Seattle Mariners – No. 82
- Pitcher
- Born: November 21, 1998 (age 27) Hialeah, Florida, U.S.
- Bats: RightThrows: Right

MLB debut
- May 3, 2026, for the Seattle Mariners

MLB statistics (through 2026 season)
- Win–loss record: 0–0
- Earned run average: 4.94
- Strikeouts: 13

Teams
- Seattle Mariners (2026–present);

= Nick Davila (baseball) =

American baseball player (born 1998)

Nicholas Davila (born November 21, 1998) is an American professional baseball pitcher for the Seattle Mariners of Major League Baseball (MLB). He made his MLB debut in 2026.

==Career==
===Amateur career===
Davila attended Charles W. Flanagan High School in Pembroke Pines, Florida. He then enrolled at Hillsborough Community College and played college baseball there for two years. Davila transferred to the University of South Florida to continue his college career with the South Florida Bulls.

===Detroit Tigers===
On July 7, 2020, Davila signed with the Detroit Tigers as an undrafted free agent after going unselected in the 2020 Major League Baseball draft. He did not appear in a game during the season due to the cancellation of the minor league season because of the COVID-19 pandemic.
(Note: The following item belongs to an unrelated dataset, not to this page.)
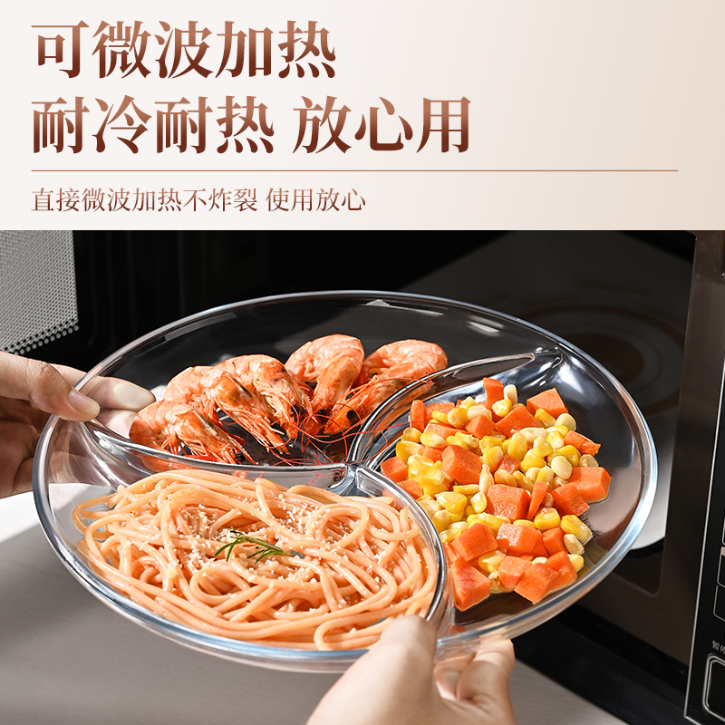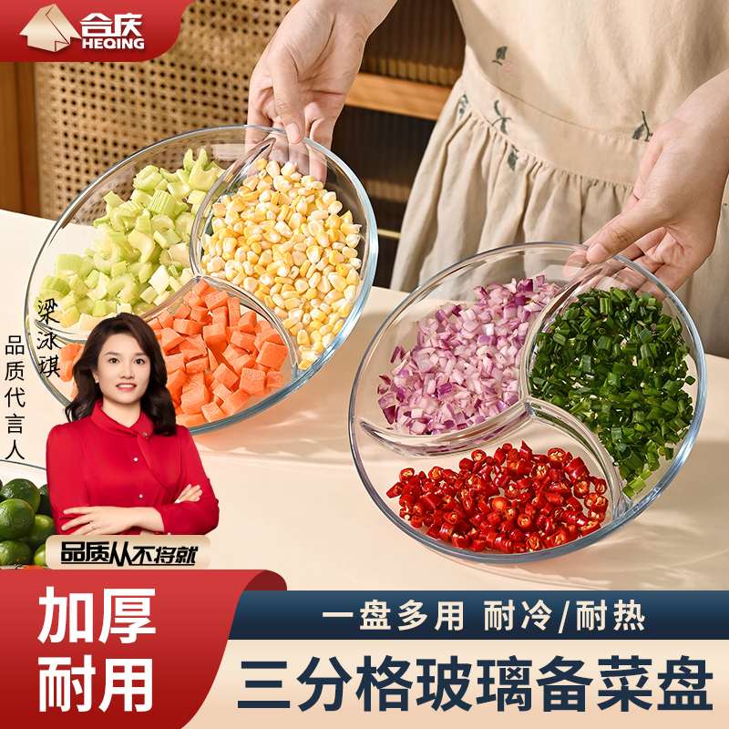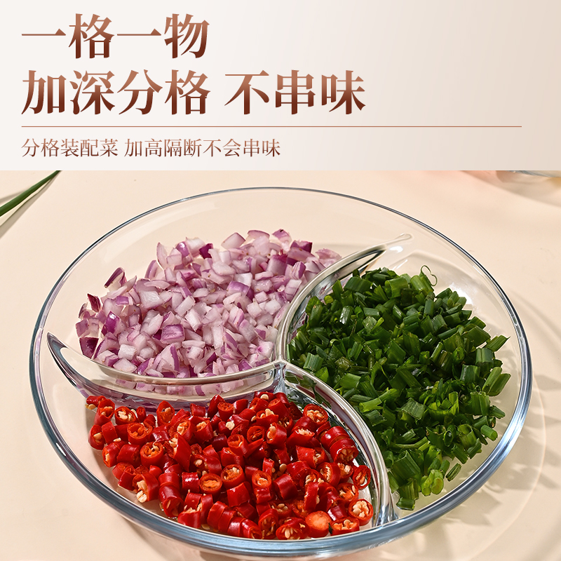 分格备菜盘玻璃葱姜蒜火锅配菜盘配料餐盘家用佐料小料分格盘子

Davila made his professional debut in 2021 with the Single-A Lakeland Flying Tigers, compiling a 6-8 record and 3.54 ERA with 99 strikeouts across 27 appearances (including 13 starts). He returned to Lakeland in 2022, accumulating a 3-5 record and 3.65 ERA with 53 strikeouts in 56 2/3 innings pitched across 22 games (18 starts). On March 9, 2023, Davila was released by the Tigers organization.

===Seattle Mariners===
On March 27, 2023, Davila signed a minor league contract with the Seattle Mariners organization. He would go on to split the season between the Single-A Modesto Nuts, High-A Everett AquaSox, and Triple-A Tacoma Rainiers. In 22 appearances (18 starts) for the three affiliates, Davila logged a cumulative 5-9 record and 4.51 ERA with 109 strikeouts across 117 2/3 innings pitched.

Davila spent the 2024 campaign with High-A Everett, posting a 3-3 record and 4.98 ERA with 28 strikeouts and two saves in 21 2/3 innings pitched across 13 appearances out of the bullpen. In 2025, Davila made 39 relief outings for the Double-A Arkansas Travelers, registering a 1–4 record and 3.55 ERA with 40 strikeouts and four saves across 50 2/3 innings of work.

Davila was assigned to Double-A Arkansas to begin the 2026 campaign, where he recorded a 2.00 ERA with 10 strikeouts over his first eight appearances. On May 2, it was announced that Davila would be selected to the 40-man roster and promoted to the major leagues for the first time. Davila made his MLB debut the following day, pitching in the ninth inning against the Kansas City Royals. He was sent down at the end of May after throwing 7 1/3 scoreless innings. Davila returned to the majors in June, earning his first MLB save after pitching the 10th inning in a win over the Baltimore Orioles on June 9. He made 24 total appearances for Seattle during his rookie campaign, recording a 4.94 ERA with 13 strikeouts and one save across 27 1/3 innings pitched. On August 31, Davila was placed on the injured list due to a SC joint sprain in his right shoulder. He was transferred to the 60–day injured list on September 6, ending his season.